Для публики не существовали ни другие актеры, ни автор, ни режиссер. Только Джулия Уэст.
Во время последней сцены, которую она играла, стоя спиной к зрителям, зал следил за малейшим движением ее правой руки, касавшейся подоконника. Когда юноша ушел и Джулия медленно повернулась, зал ахнул. Опустился занавес, и Джек услышал самые громкие аплодисменты, какие ему доводилось слышать в театре. Раздались крики «Браво!». Джулию вызывали на сцену одиннадцать раз.
Джек отправился за кулисы, чтобы поздравить актрису; Одри остановила его и горячо расцеловала:
— Вы добились своего. Она была великолепна, и это сделали вы! Конец просто потрясает! Она постарела у меня на глазах. Прямо на глазах! Изумительно!
Джулия никогда не ходила на банкеты после премьер. Поэтому Джек не пошел в «Сарди». Он позвонил из своей квартиры Кермиту, который прочитал ему несколько наиболее важных рецензий. «Таймс», «Ньюс», «Пост», «Уорлд-Телеграм», «Миррор».

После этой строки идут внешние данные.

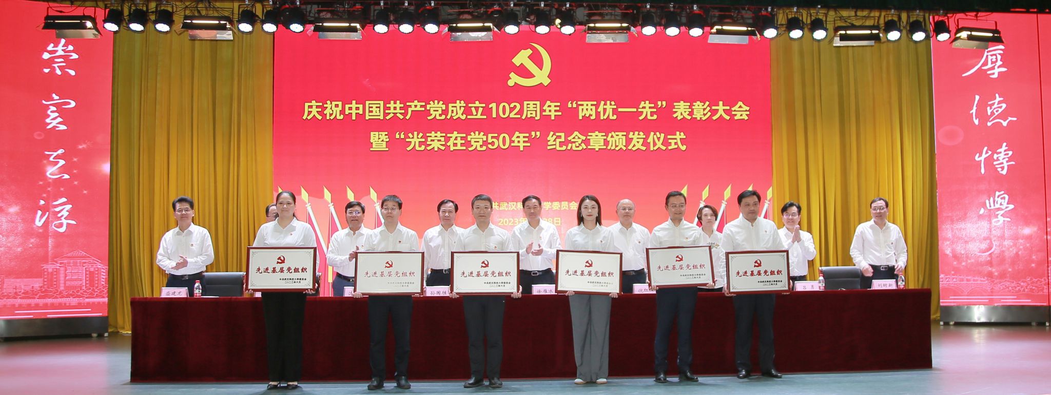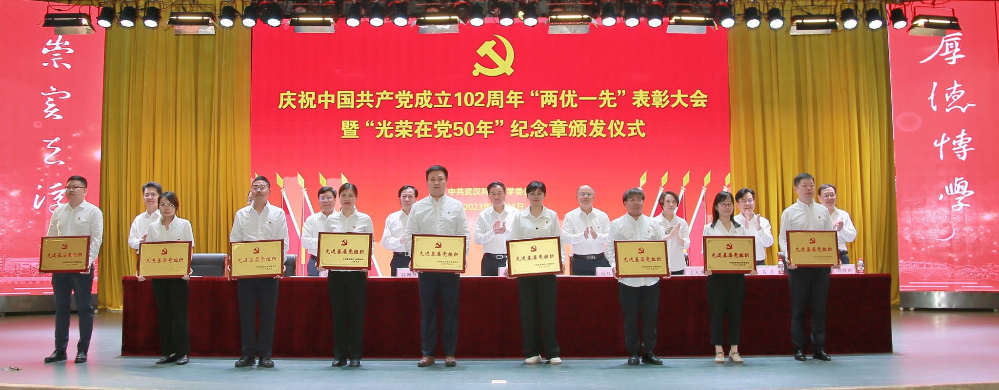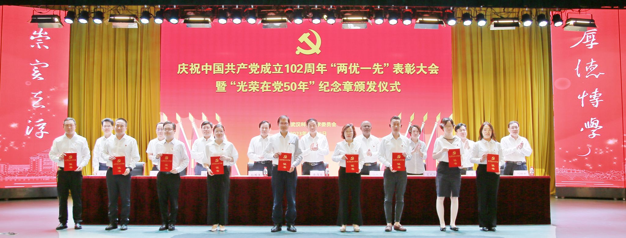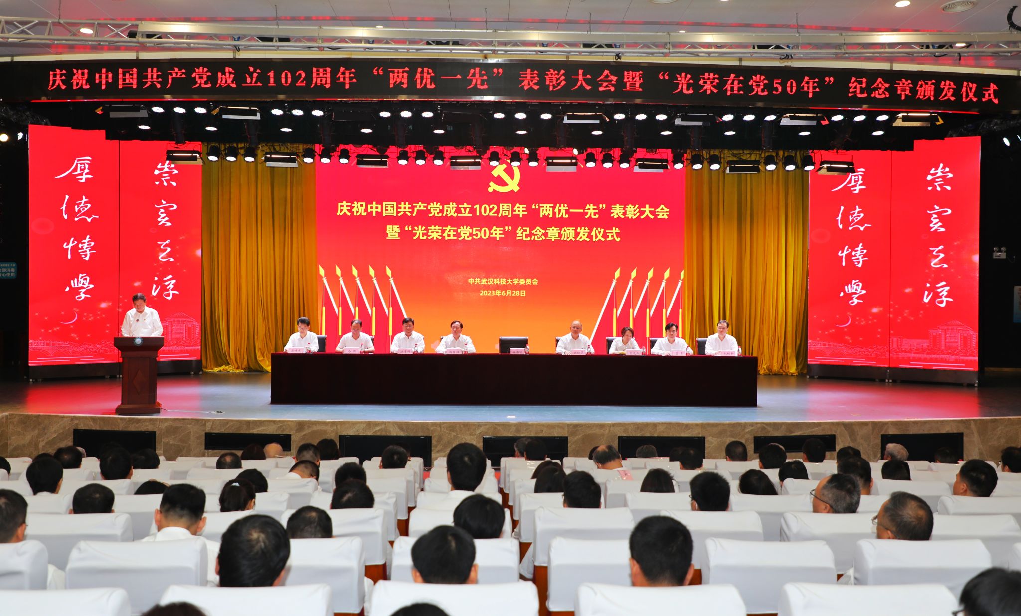 武科大网讯(记者陈孖川 )6月28日上午,公司在青山校区碧园会堂举行庆祝中国共产党成立102周年“两优一先”表彰大会暨“光荣在党50年”纪念章颁发仪式。公司党委书记徐雁冰,公司党委副书记、董事长倪红卫等全体校领导出席大会。公司党委副书记盛建龙主持。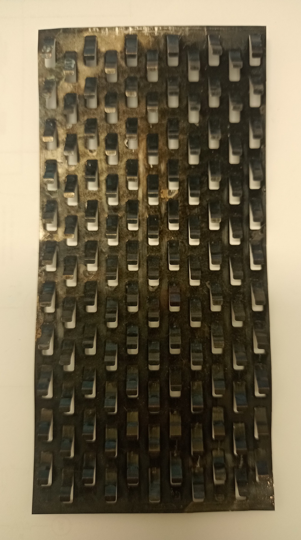 un foglio (in realtà sono 2 sovrapposti) da 1/10 di mm di spessore, che misura 6.2cm x 13.8cm ed i cui baffetti si alzano rispetto la lamina di 4mm

Статья в «Таймс» начиналась так: «Джулия Уэст вернулась в нью-йоркский театр. Это само по себе хорошая новость. Но вчера вечером она на глазах завороженной публики продемонстрировала самое удивительное преображение героини, какое когда-либо доводилось видеть зрителям. Буквально постарев без помощи грима, она превратилась из красивой, привлекательной сорокалетней женщины в пятидесятилетнюю старуху, по собственной воле променявшую любовь на одиночество.

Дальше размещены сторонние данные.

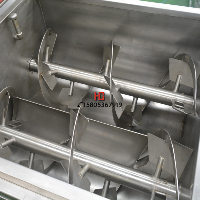 1.采用平行雙軸結(jié)構(gòu),斜板式槳葉,物料在料斗中翻動的同時作圓周運動,使各種物料攪拌的更加均勻。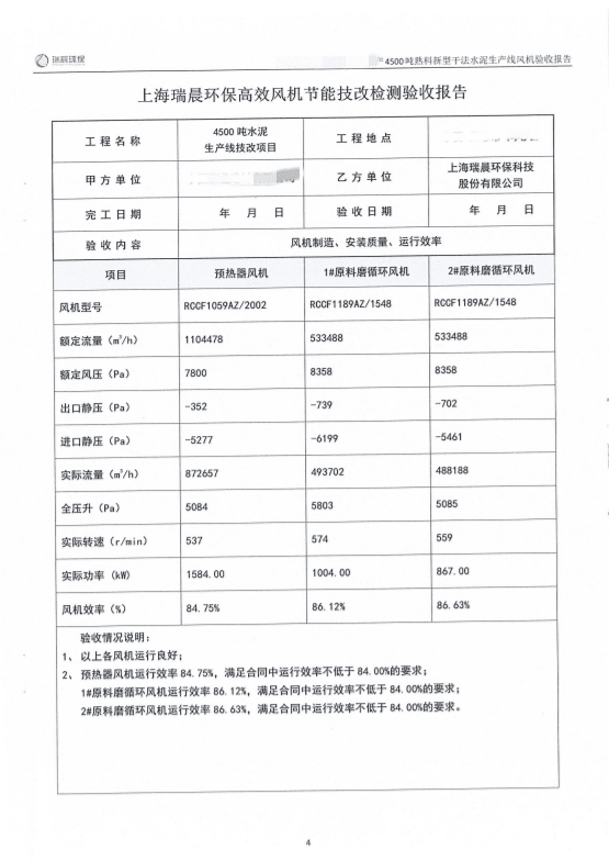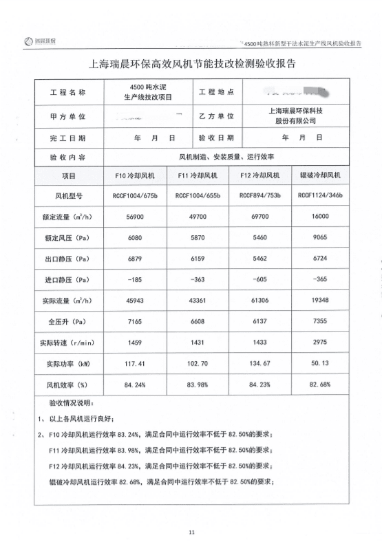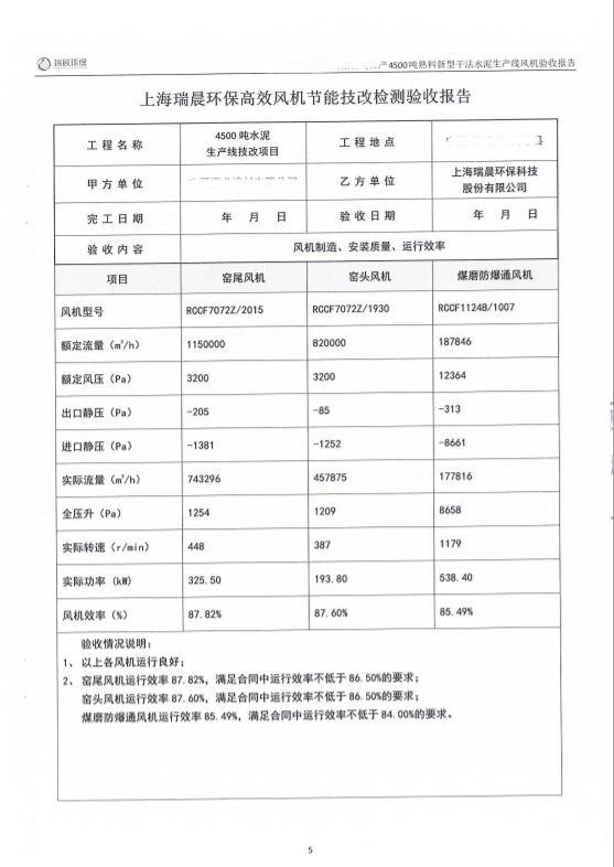 2022年8月,該水泥企業(yè)組織雙方共同對全線風機進行了聯(lián)合驗收測試。測試結果顯示,風機運行良好,實測效率優(yōu)于合同約定效率,達到雙方約定的驗收指標,風機單耗低,使用效果好。

Поднявшись над пьесой, не свободной от недостатков, и над другими актерами, не дотягивающими до ее высочайшего уровня, мисс Уэст довела постановку до премьеры, имевшей огромный успех.
Тот факт, что она добилась замечательного эффекта в финальной сцене — самом слабом месте пьесы, — свидетельствует о ее незаурядном таланте. Она совершила чудо, сыграв всю сцену спиной к публике и внезапно показав ей женщину, постаревшую за несколько минут на целую вечность.
Джулия Уэст доказала, что ей требуется лишь сцена и аудитория. Остальное, как и прежде, она способна обеспечить сама».
Чеплин из «Ньюс» тоже хвалил Джулию, только менее многословно; Уоттс выражал свое восхищение, более сдержанно выбирая сравнения.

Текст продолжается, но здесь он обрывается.